EXERCISE REQUIREMENTS: Within the entries below, output exactly the lines between the line containing "Design. This rustic" and the line containing "順豐、通達(dá)系基本是網", inclusive, and omit any picture.

MATERIAL FOR THE TASK:

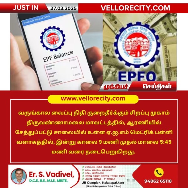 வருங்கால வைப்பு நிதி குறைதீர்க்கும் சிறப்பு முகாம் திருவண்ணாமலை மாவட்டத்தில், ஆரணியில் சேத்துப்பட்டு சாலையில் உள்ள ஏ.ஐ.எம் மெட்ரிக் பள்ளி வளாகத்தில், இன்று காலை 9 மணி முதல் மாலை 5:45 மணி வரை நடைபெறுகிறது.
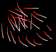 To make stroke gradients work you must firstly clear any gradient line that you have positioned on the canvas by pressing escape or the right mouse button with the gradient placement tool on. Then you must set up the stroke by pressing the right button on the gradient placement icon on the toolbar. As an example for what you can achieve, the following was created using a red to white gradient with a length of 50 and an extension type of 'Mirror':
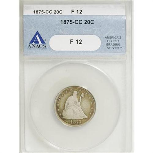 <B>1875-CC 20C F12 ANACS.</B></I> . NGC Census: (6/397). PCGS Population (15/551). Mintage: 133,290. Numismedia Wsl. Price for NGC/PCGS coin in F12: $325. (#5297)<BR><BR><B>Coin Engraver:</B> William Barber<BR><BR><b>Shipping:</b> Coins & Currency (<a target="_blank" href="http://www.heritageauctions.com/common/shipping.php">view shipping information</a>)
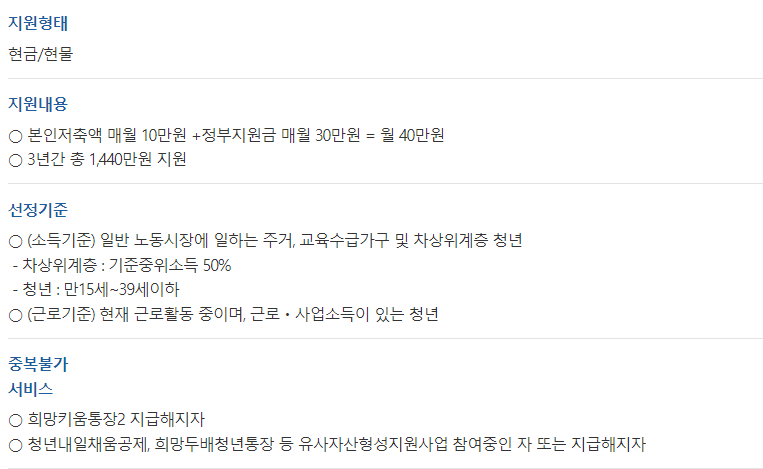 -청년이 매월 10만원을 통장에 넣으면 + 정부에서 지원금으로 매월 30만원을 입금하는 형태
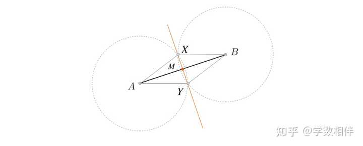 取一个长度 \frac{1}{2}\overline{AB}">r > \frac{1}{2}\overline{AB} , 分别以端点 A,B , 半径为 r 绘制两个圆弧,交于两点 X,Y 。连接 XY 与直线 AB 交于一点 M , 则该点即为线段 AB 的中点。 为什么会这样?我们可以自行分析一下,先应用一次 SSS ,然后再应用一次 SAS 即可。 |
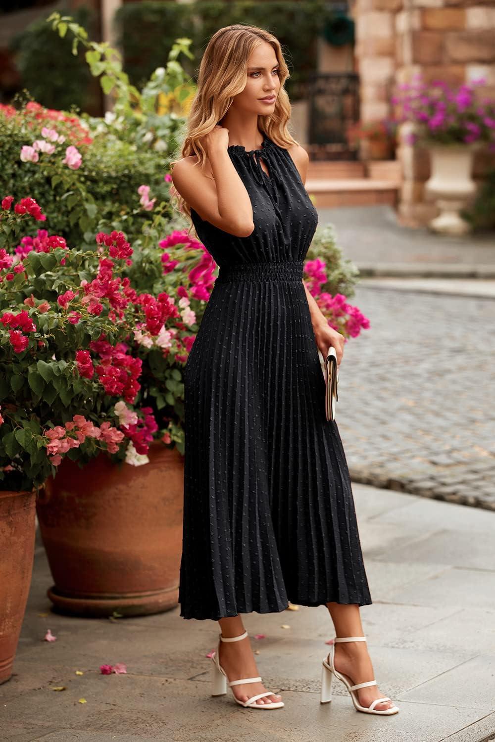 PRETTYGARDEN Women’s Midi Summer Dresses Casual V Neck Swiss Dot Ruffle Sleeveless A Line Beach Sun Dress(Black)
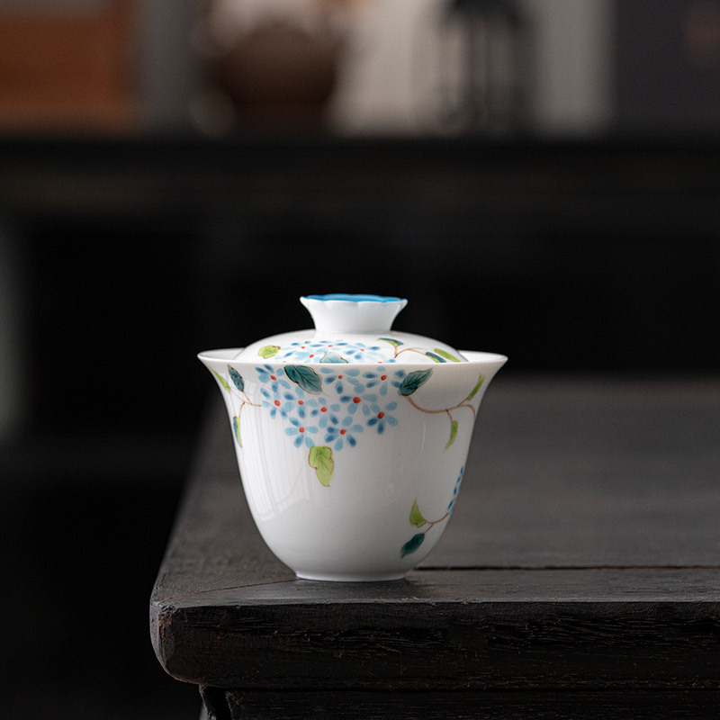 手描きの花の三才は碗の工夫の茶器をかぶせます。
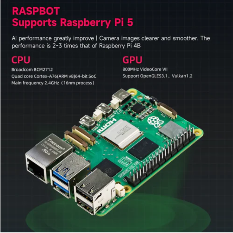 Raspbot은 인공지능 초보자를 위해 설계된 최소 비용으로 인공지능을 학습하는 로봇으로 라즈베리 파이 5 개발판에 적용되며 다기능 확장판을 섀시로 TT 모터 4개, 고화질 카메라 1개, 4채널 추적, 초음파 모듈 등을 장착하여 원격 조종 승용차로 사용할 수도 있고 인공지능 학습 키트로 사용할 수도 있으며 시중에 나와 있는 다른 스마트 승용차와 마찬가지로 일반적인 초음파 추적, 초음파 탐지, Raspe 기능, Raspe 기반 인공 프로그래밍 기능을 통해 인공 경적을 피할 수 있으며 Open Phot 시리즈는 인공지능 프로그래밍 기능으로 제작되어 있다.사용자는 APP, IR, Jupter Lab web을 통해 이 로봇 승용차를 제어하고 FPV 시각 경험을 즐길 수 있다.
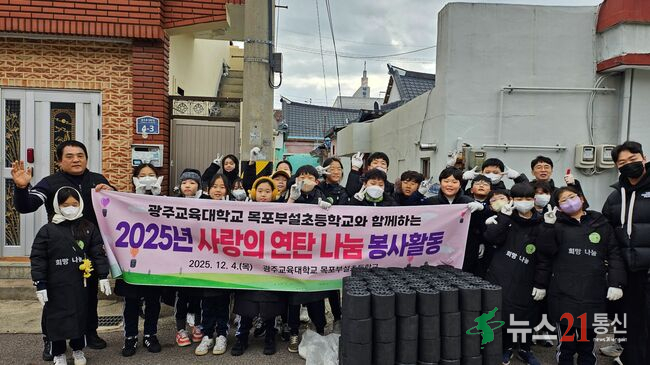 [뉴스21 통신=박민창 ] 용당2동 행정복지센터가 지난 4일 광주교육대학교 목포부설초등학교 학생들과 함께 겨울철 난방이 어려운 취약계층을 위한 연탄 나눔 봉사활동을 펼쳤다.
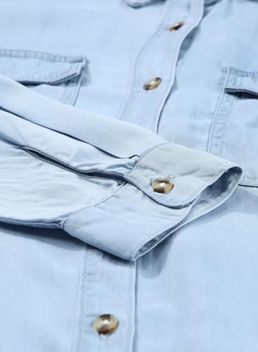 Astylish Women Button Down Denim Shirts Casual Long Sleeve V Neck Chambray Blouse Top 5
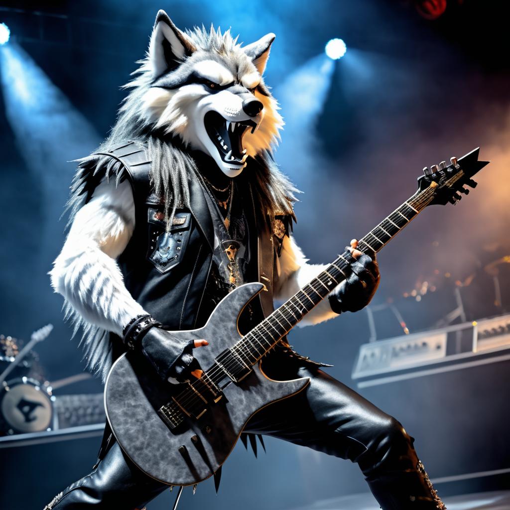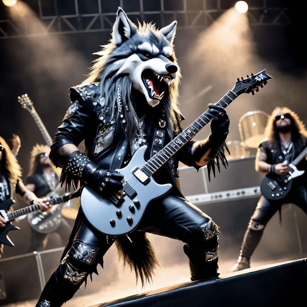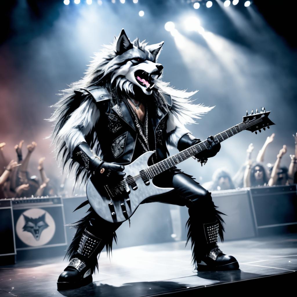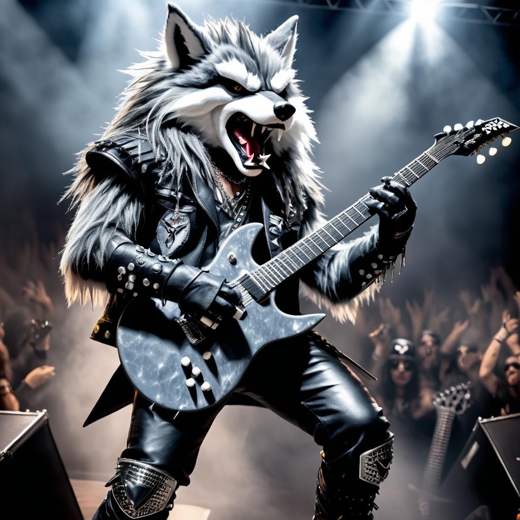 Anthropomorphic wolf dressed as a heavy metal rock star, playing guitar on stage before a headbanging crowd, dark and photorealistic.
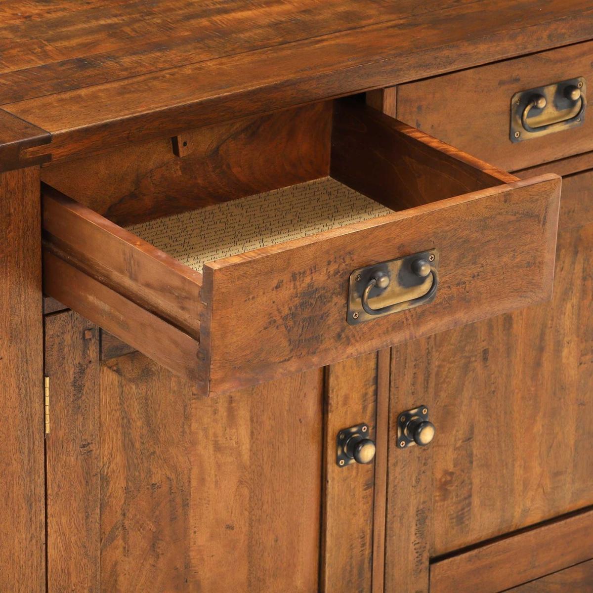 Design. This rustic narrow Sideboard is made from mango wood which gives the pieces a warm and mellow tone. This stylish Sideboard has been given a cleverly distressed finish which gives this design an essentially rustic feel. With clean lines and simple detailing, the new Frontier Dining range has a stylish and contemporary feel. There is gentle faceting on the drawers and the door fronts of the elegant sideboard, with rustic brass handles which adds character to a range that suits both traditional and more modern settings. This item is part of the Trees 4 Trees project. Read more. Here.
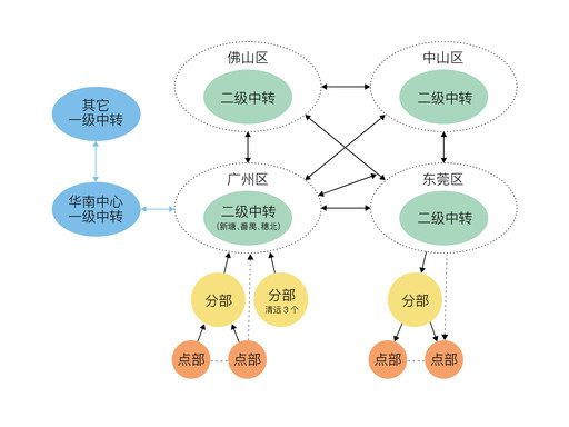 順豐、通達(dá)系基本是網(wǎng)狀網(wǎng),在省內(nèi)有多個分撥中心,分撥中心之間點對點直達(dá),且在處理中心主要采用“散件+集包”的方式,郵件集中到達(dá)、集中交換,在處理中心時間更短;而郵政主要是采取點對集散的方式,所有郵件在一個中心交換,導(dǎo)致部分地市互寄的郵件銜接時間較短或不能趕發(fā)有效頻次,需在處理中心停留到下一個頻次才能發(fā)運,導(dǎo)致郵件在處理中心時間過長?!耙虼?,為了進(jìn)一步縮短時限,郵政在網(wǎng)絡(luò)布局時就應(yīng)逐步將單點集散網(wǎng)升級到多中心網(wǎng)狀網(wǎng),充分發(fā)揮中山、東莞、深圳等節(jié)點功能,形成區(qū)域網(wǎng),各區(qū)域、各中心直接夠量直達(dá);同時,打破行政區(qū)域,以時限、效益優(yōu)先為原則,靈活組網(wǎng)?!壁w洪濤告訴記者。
---
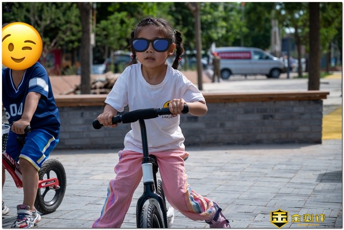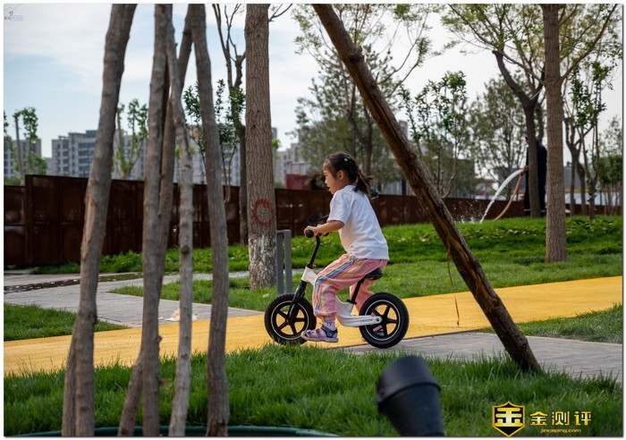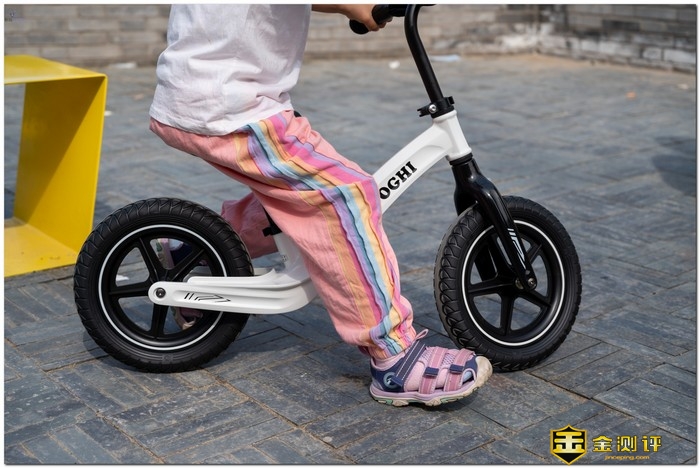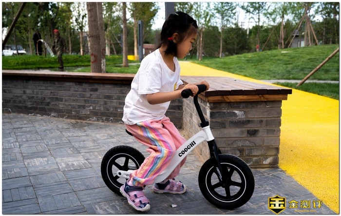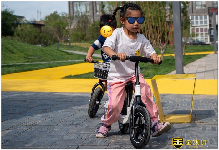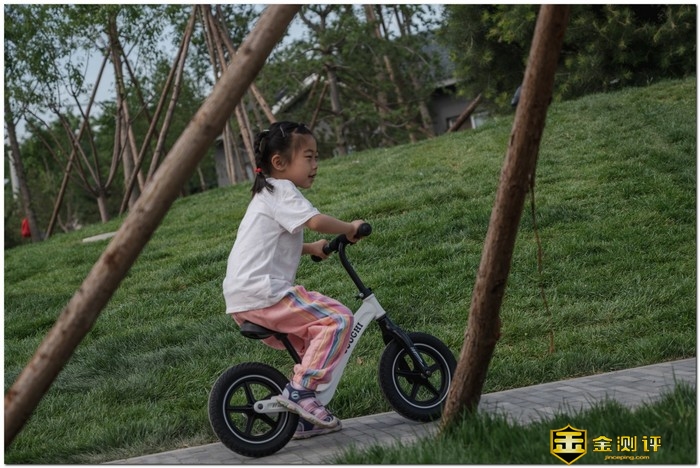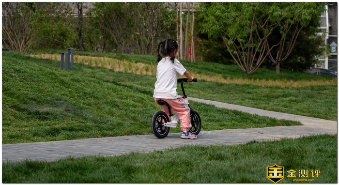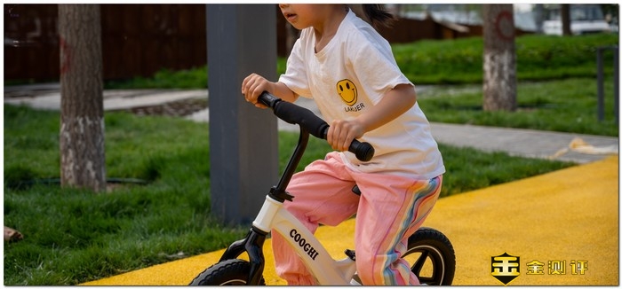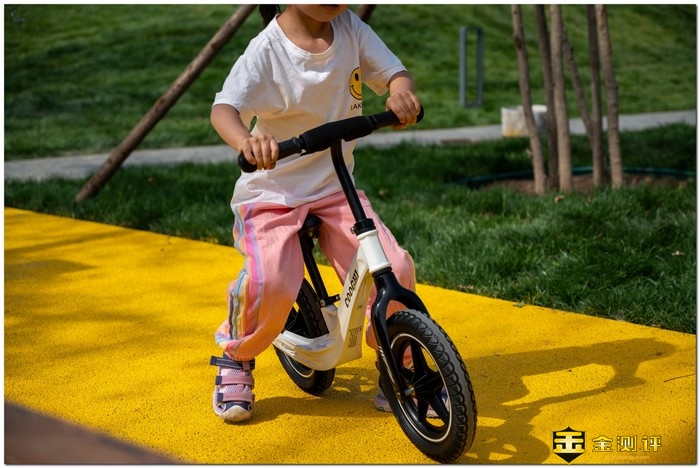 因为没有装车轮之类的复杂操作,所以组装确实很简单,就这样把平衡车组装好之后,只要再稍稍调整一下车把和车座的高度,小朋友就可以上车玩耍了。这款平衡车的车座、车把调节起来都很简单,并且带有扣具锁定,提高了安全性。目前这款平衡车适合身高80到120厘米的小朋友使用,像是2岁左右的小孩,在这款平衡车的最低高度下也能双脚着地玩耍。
* * *
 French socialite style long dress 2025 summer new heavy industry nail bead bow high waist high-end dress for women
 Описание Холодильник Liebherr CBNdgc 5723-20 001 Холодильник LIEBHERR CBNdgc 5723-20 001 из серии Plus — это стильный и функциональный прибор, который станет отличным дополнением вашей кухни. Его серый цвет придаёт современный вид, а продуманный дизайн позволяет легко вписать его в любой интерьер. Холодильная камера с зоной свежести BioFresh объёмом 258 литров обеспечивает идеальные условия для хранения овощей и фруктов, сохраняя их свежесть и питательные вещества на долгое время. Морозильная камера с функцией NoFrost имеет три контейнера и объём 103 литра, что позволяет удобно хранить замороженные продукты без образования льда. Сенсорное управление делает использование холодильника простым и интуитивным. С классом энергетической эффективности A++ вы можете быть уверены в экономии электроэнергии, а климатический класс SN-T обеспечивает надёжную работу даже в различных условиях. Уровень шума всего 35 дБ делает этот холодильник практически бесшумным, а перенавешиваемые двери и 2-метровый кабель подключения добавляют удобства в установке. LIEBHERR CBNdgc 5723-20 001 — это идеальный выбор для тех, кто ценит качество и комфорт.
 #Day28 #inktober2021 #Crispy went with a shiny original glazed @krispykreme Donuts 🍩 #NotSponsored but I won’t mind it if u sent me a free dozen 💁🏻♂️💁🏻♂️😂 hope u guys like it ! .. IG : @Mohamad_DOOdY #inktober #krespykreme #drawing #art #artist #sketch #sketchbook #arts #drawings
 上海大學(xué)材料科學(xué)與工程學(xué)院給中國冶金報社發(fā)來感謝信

EXERCISE RESPONSE:
 Design. This rustic narrow Sideboard is made from mango wood which gives the pieces a warm and mellow tone. This stylish Sideboard has been given a cleverly distressed finish which gives this design an essentially rustic feel. With clean lines and simple detailing, the new Frontier Dining range has a stylish and contemporary feel. There is gentle faceting on the drawers and the door fronts of the elegant sideboard, with rustic brass handles which adds character to a range that suits both traditional and more modern settings. This item is part of the Trees 4 Trees project. Read more. Here.
 順豐、通達(dá)系基本是網(wǎng)狀網(wǎng),在省內(nèi)有多個分撥中心,分撥中心之間點對點直達(dá),且在處理中心主要采用“散件+集包”的方式,郵件集中到達(dá)、集中交換,在處理中心時間更短;而郵政主要是采取點對集散的方式,所有郵件在一個中心交換,導(dǎo)致部分地市互寄的郵件銜接時間較短或不能趕發(fā)有效頻次,需在處理中心停留到下一個頻次才能發(fā)運,導(dǎo)致郵件在處理中心時間過長?!耙虼?,為了進(jìn)一步縮短時限,郵政在網(wǎng)絡(luò)布局時就應(yīng)逐步將單點集散網(wǎng)升級到多中心網(wǎng)狀網(wǎng),充分發(fā)揮中山、東莞、深圳等節(jié)點功能,形成區(qū)域網(wǎng),各區(qū)域、各中心直接夠量直達(dá);同時,打破行政區(qū)域,以時限、效益優(yōu)先為原則,靈活組網(wǎng)?!壁w洪濤告訴記者。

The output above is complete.